__DIRECTIONS__
Pictures stay out of the copy. Retype exactly the lines below from the one with "Brass vehicle horn" through the one with "Hudson Baby Plush".

__DATA EXTRACTS__
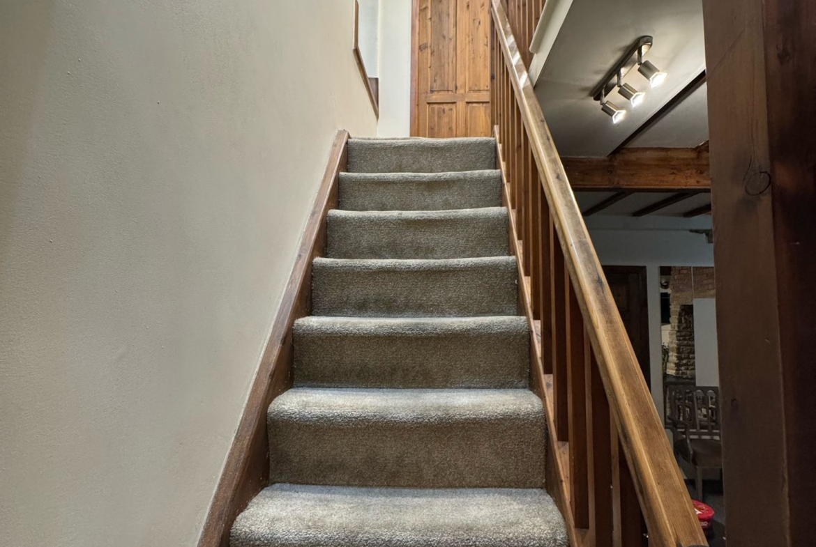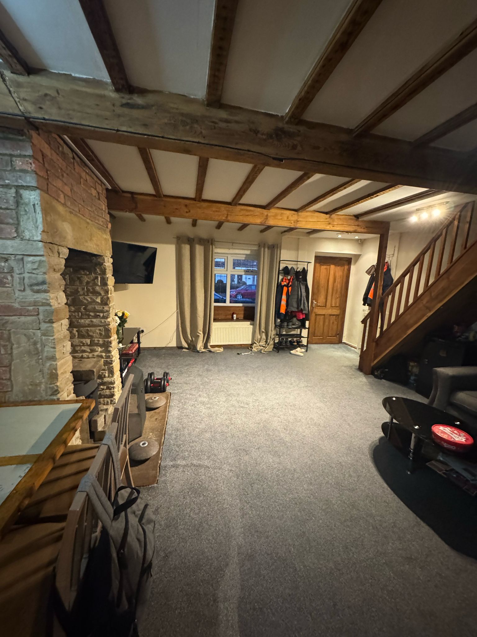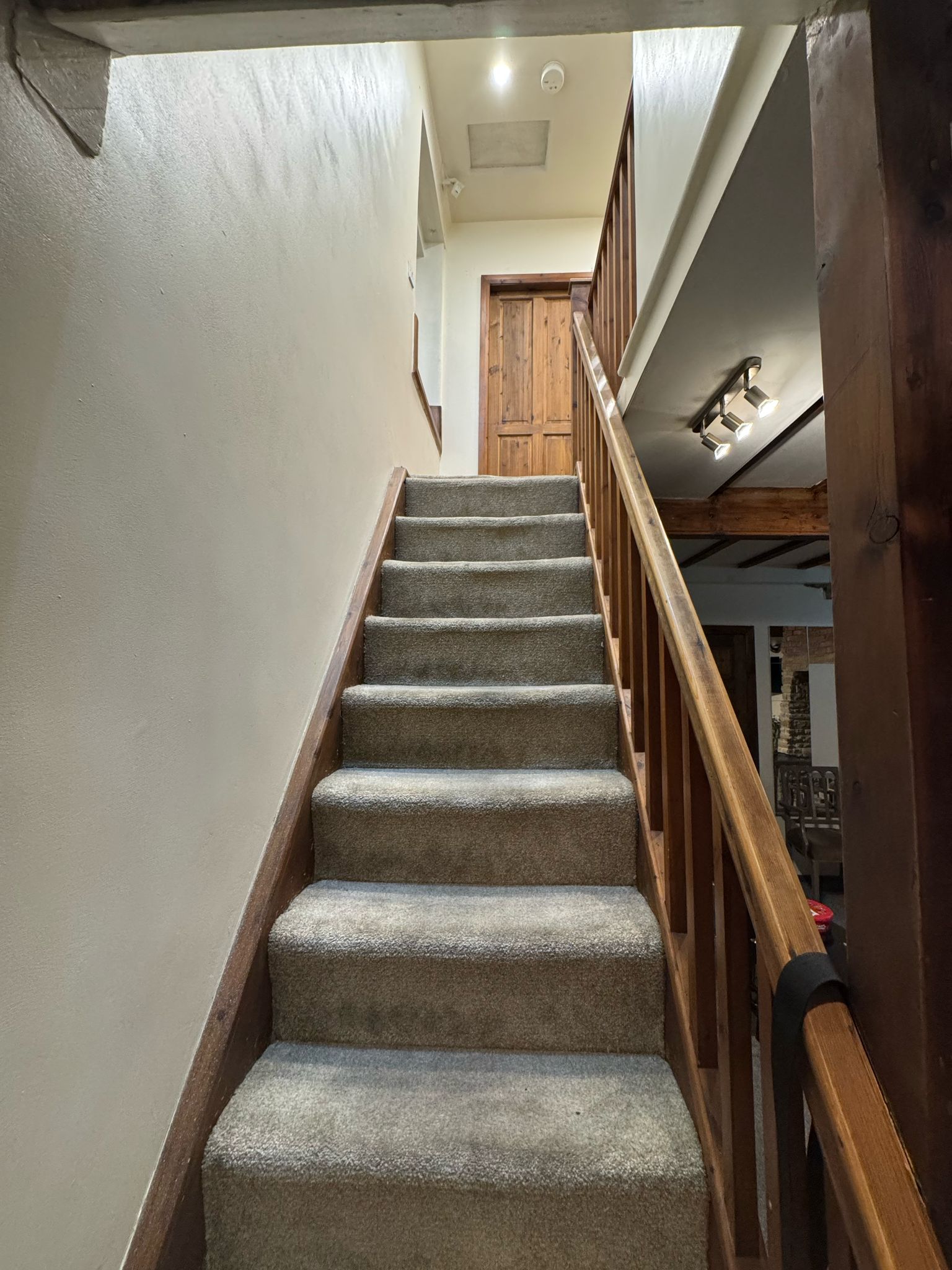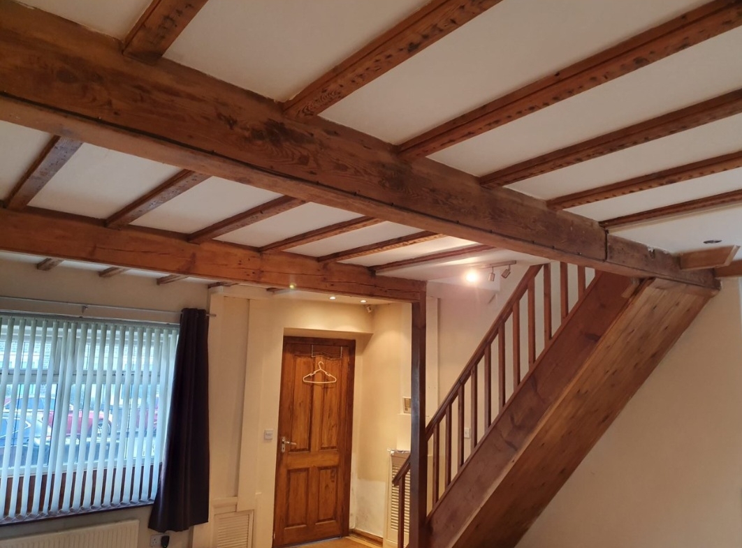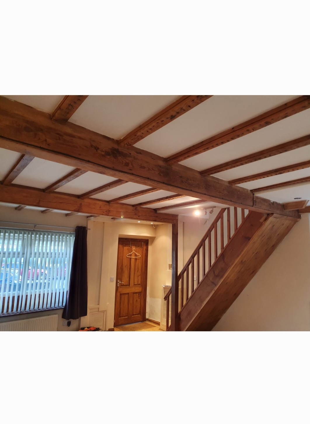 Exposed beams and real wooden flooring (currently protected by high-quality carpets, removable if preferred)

--

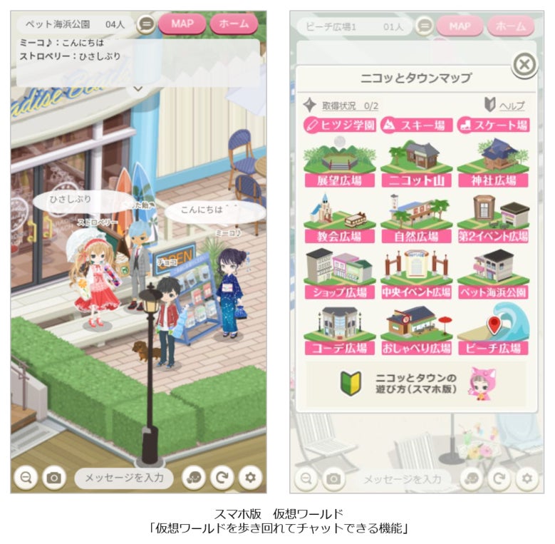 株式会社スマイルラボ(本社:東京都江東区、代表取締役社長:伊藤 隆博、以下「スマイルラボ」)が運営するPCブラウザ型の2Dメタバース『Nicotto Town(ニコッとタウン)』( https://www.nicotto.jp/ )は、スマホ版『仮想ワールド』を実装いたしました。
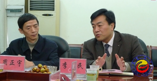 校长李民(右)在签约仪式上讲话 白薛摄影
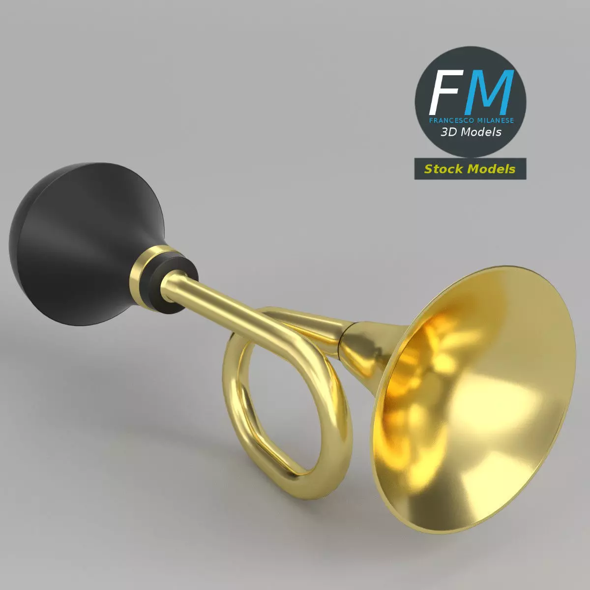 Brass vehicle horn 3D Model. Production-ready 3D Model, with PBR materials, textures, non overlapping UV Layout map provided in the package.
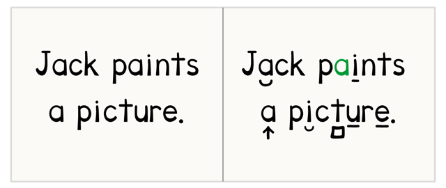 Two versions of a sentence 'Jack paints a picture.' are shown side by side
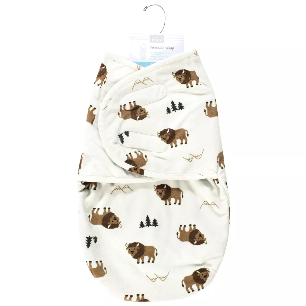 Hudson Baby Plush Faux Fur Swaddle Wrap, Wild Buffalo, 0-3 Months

---

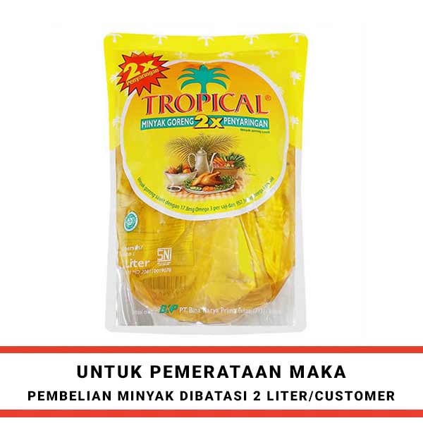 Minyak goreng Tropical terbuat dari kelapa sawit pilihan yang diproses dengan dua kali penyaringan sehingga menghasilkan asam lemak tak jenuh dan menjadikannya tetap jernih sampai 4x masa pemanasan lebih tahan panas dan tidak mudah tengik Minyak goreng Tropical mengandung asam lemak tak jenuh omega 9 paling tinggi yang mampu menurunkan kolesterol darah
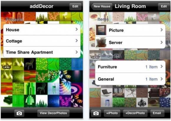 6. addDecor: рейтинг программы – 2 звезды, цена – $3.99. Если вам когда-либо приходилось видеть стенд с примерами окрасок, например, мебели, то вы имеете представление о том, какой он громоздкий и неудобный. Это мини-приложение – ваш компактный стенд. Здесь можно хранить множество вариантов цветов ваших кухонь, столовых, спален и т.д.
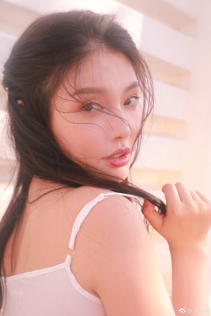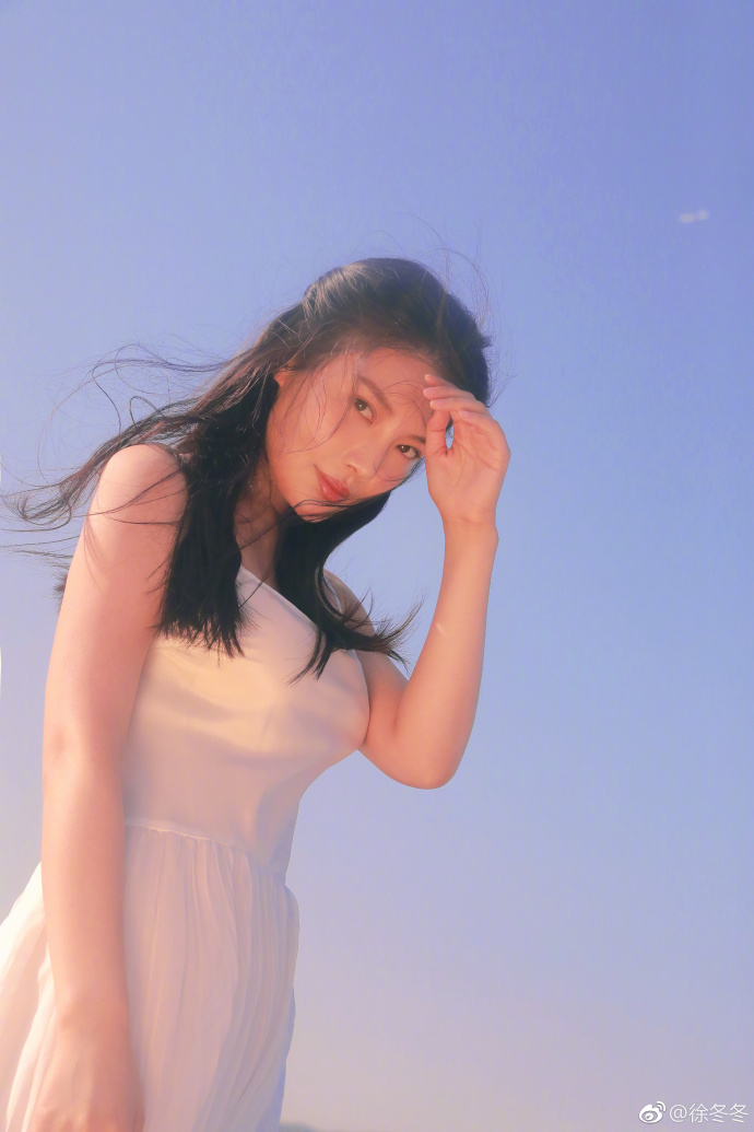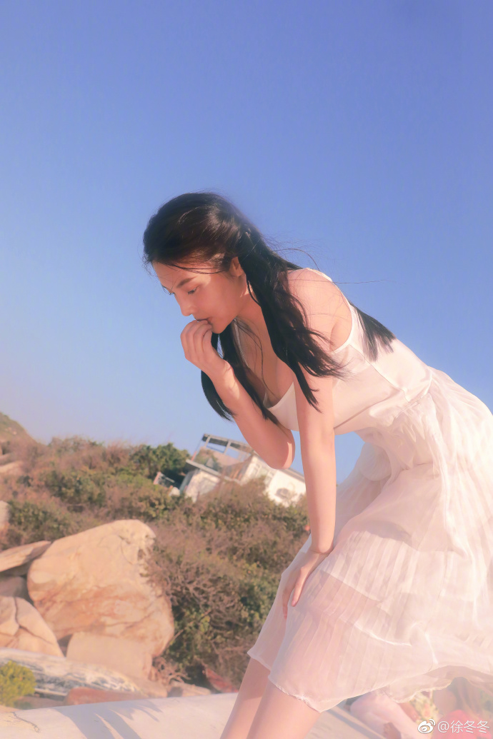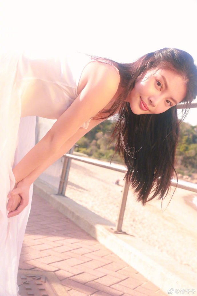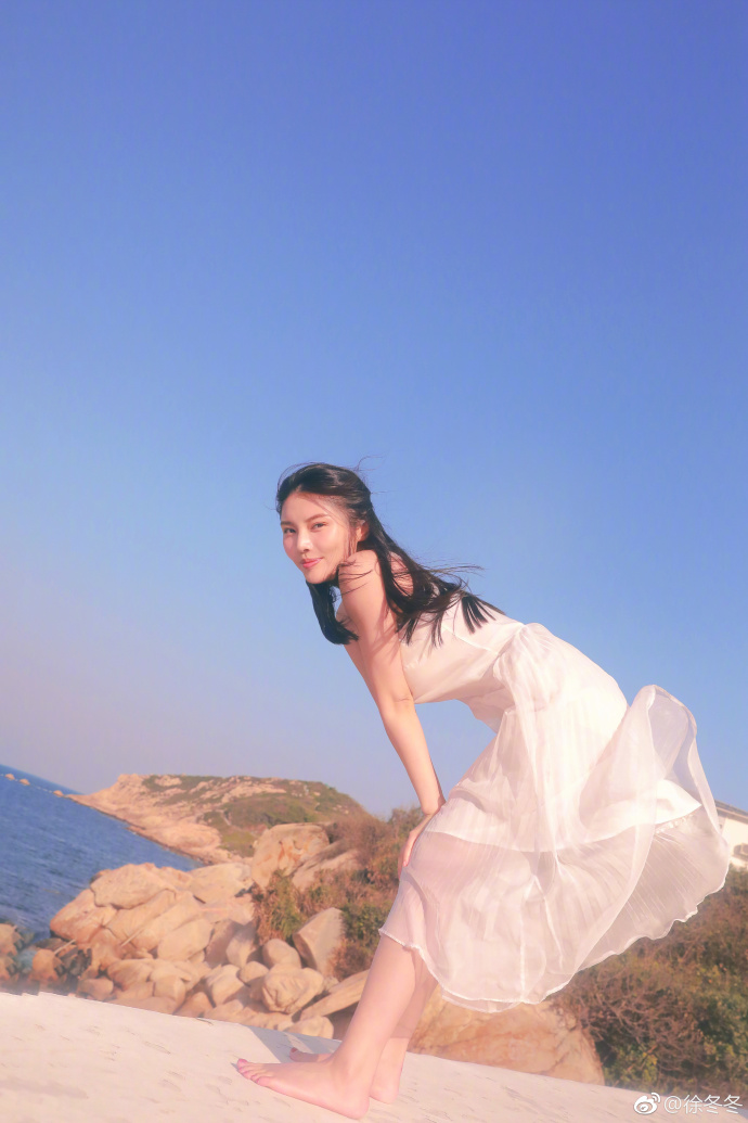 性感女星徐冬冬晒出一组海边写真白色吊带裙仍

__SOLUTION TO THE EXERCISE__
 Brass vehicle horn 3D Model. Production-ready 3D Model, with PBR materials, textures, non overlapping UV Layout map provided in the package.
 Two versions of a sentence 'Jack paints a picture.' are shown side by side
 Hudson Baby Plush Faux Fur Swaddle Wrap, Wild Buffalo, 0-3 Months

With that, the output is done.